* What is expected *
Every line from the first one in the listing down to the line with "학교 교문 앞, 임유나는 교문에 서서 Guest을 기다린다." should be restated word for word.

☆ ☆ ☆

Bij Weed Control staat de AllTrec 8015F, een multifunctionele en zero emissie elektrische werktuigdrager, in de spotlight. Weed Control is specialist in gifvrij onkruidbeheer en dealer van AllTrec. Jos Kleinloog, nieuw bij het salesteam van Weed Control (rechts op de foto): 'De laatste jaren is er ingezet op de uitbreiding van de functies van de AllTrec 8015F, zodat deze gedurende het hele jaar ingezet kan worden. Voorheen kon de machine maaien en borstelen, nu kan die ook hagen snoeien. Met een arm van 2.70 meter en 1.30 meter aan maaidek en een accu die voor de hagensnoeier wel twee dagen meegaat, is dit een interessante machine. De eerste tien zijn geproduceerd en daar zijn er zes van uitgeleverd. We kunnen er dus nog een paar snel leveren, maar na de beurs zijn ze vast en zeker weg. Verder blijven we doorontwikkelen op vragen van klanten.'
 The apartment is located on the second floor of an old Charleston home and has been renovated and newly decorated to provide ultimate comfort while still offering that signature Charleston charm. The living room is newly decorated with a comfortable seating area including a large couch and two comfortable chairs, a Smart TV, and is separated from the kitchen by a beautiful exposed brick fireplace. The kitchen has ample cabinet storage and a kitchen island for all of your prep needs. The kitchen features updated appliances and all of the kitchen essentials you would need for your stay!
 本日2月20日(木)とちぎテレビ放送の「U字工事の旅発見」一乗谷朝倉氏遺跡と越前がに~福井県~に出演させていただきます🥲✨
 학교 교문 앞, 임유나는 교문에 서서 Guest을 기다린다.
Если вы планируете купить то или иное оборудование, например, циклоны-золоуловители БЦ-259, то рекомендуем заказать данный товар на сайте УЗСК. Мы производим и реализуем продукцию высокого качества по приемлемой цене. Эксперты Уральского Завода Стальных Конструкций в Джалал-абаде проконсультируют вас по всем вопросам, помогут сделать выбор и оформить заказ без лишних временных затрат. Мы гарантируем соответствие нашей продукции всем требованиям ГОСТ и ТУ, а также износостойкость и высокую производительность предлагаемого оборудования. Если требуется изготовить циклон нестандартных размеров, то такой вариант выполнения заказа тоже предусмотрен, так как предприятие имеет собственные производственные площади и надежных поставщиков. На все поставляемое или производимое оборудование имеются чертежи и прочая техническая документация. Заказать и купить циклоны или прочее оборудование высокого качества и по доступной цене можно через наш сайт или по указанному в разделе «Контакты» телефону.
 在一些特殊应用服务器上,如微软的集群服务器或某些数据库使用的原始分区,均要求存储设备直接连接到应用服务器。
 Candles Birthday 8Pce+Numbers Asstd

☆ ☆ ☆

* Task output *
Bij Weed Control staat de AllTrec 8015F, een multifunctionele en zero emissie elektrische werktuigdrager, in de spotlight. Weed Control is specialist in gifvrij onkruidbeheer en dealer van AllTrec. Jos Kleinloog, nieuw bij het salesteam van Weed Control (rechts op de foto): 'De laatste jaren is er ingezet op de uitbreiding van de functies van de AllTrec 8015F, zodat deze gedurende het hele jaar ingezet kan worden. Voorheen kon de machine maaien en borstelen, nu kan die ook hagen snoeien. Met een arm van 2.70 meter en 1.30 meter aan maaidek en een accu die voor de hagensnoeier wel twee dagen meegaat, is dit een interessante machine. De eerste tien zijn geproduceerd en daar zijn er zes van uitgeleverd. We kunnen er dus nog een paar snel leveren, maar na de beurs zijn ze vast en zeker weg. Verder blijven we doorontwikkelen op vragen van klanten.'
 The apartment is located on the second floor of an old Charleston home and has been renovated and newly decorated to provide ultimate comfort while still offering that signature Charleston charm. The living room is newly decorated with a comfortable seating area including a large couch and two comfortable chairs, a Smart TV, and is separated from the kitchen by a beautiful exposed brick fireplace. The kitchen has ample cabinet storage and a kitchen island for all of your prep needs. The kitchen features updated appliances and all of the kitchen essentials you would need for your stay!
 本日2月20日(木)とちぎテレビ放送の「U字工事の旅発見」一乗谷朝倉氏遺跡と越前がに~福井県~に出演させていただきます🥲✨
 학교 교문 앞, 임유나는 교문에 서서 Guest을 기다린다.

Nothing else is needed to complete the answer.